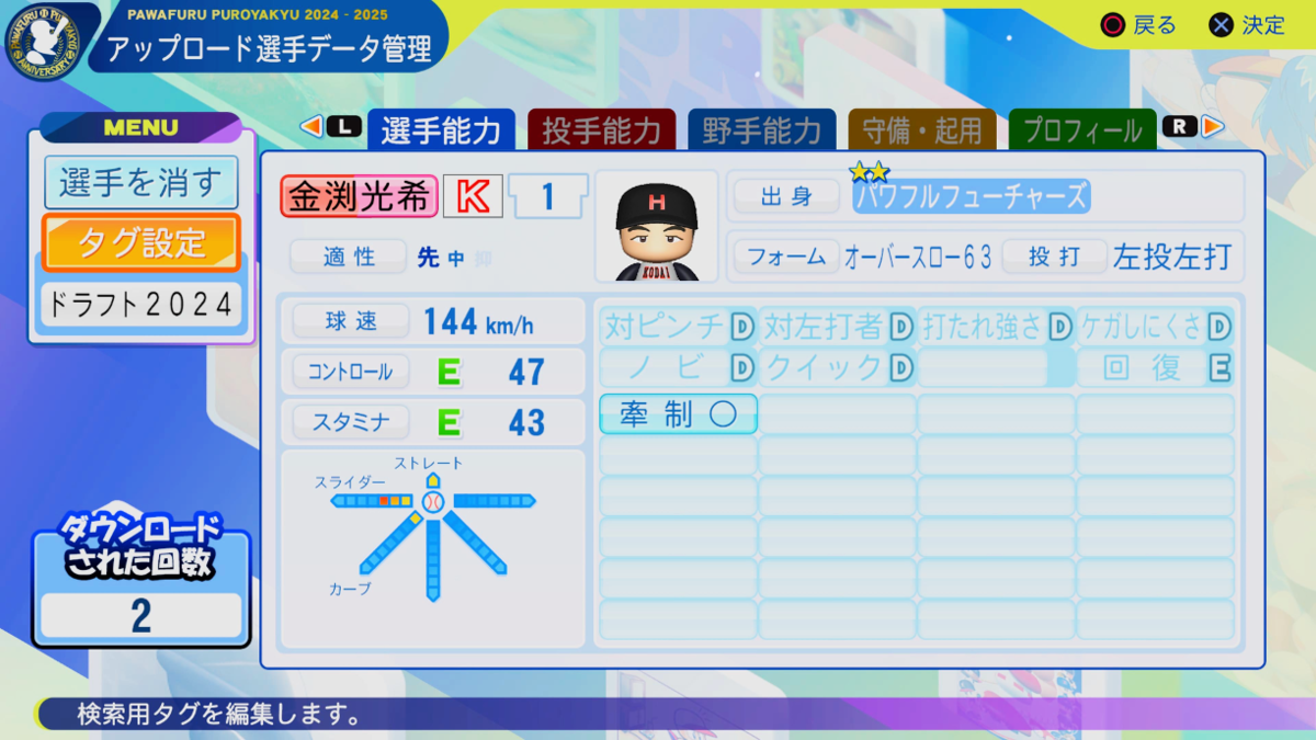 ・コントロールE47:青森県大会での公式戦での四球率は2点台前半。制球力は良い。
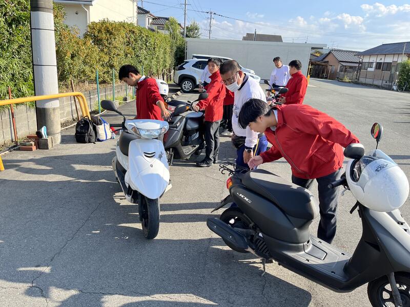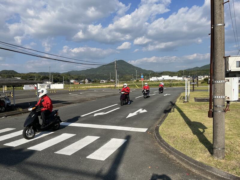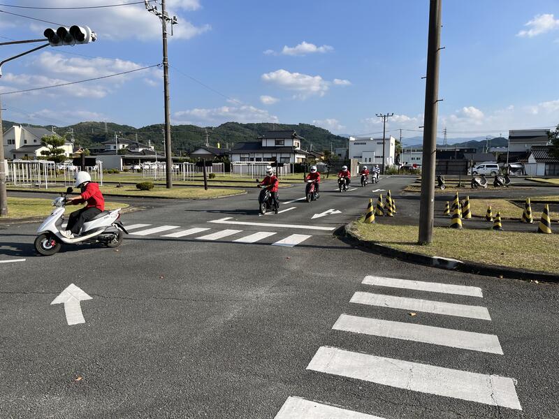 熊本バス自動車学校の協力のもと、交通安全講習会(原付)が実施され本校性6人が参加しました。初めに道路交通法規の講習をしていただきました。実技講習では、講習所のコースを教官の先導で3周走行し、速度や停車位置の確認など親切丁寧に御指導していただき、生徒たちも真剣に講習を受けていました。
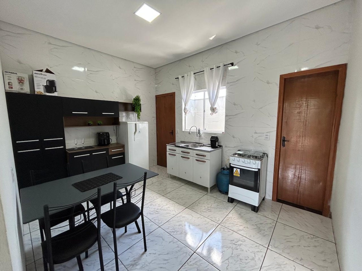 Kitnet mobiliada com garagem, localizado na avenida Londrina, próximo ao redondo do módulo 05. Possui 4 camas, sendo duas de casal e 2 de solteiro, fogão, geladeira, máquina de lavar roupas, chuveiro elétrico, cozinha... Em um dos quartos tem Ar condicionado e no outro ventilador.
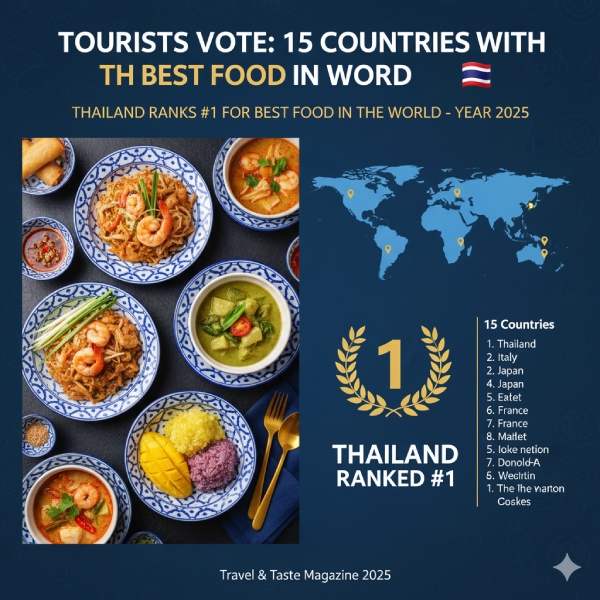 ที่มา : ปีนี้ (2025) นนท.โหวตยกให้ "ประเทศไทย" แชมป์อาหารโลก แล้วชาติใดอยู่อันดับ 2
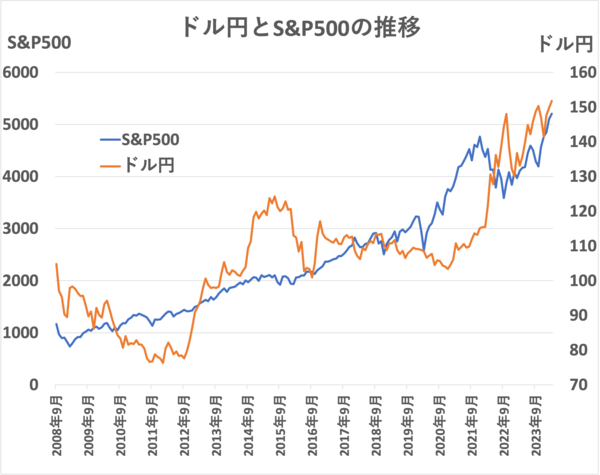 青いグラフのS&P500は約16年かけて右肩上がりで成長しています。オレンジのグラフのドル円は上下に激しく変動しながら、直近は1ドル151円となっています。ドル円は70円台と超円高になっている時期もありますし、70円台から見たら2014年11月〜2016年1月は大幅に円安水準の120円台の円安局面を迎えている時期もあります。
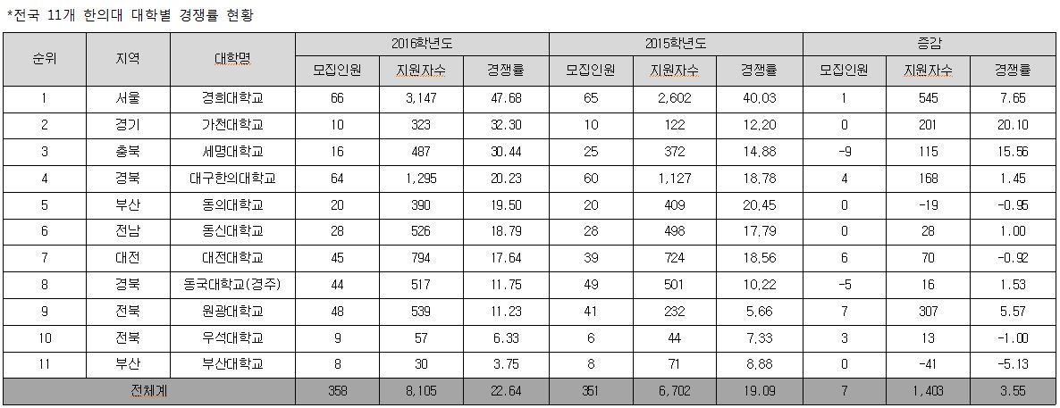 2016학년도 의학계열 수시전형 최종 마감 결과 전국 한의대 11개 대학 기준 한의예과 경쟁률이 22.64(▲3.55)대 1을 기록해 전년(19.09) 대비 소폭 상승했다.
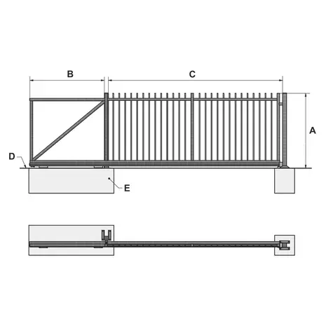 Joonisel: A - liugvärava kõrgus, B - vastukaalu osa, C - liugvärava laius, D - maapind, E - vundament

----------

Activity: Reproduce, exactly and with no pictures, the lines from the line containing "熊本バス自動車学校の協力のも" through the closing line of the data above, keeping both ends.

Completed task:
 熊本バス自動車学校の協力のもと、交通安全講習会(原付)が実施され本校性6人が参加しました。初めに道路交通法規の講習をしていただきました。実技講習では、講習所のコースを教官の先導で3周走行し、速度や停車位置の確認など親切丁寧に御指導していただき、生徒たちも真剣に講習を受けていました。
 Kitnet mobiliada com garagem, localizado na avenida Londrina, próximo ao redondo do módulo 05. Possui 4 camas, sendo duas de casal e 2 de solteiro, fogão, geladeira, máquina de lavar roupas, chuveiro elétrico, cozinha... Em um dos quartos tem Ar condicionado e no outro ventilador.
 ที่มา : ปีนี้ (2025) นนท.โหวตยกให้ "ประเทศไทย" แชมป์อาหารโลก แล้วชาติใดอยู่อันดับ 2
 青いグラフのS&P500は約16年かけて右肩上がりで成長しています。オレンジのグラフのドル円は上下に激しく変動しながら、直近は1ドル151円となっています。ドル円は70円台と超円高になっている時期もありますし、70円台から見たら2014年11月〜2016年1月は大幅に円安水準の120円台の円安局面を迎えている時期もあります。
 2016학년도 의학계열 수시전형 최종 마감 결과 전국 한의대 11개 대학 기준 한의예과 경쟁률이 22.64(▲3.55)대 1을 기록해 전년(19.09) 대비 소폭 상승했다.
 Joonisel: A - liugvärava kõrgus, B - vastukaalu osa, C - liugvärava laius, D - maapind, E - vundament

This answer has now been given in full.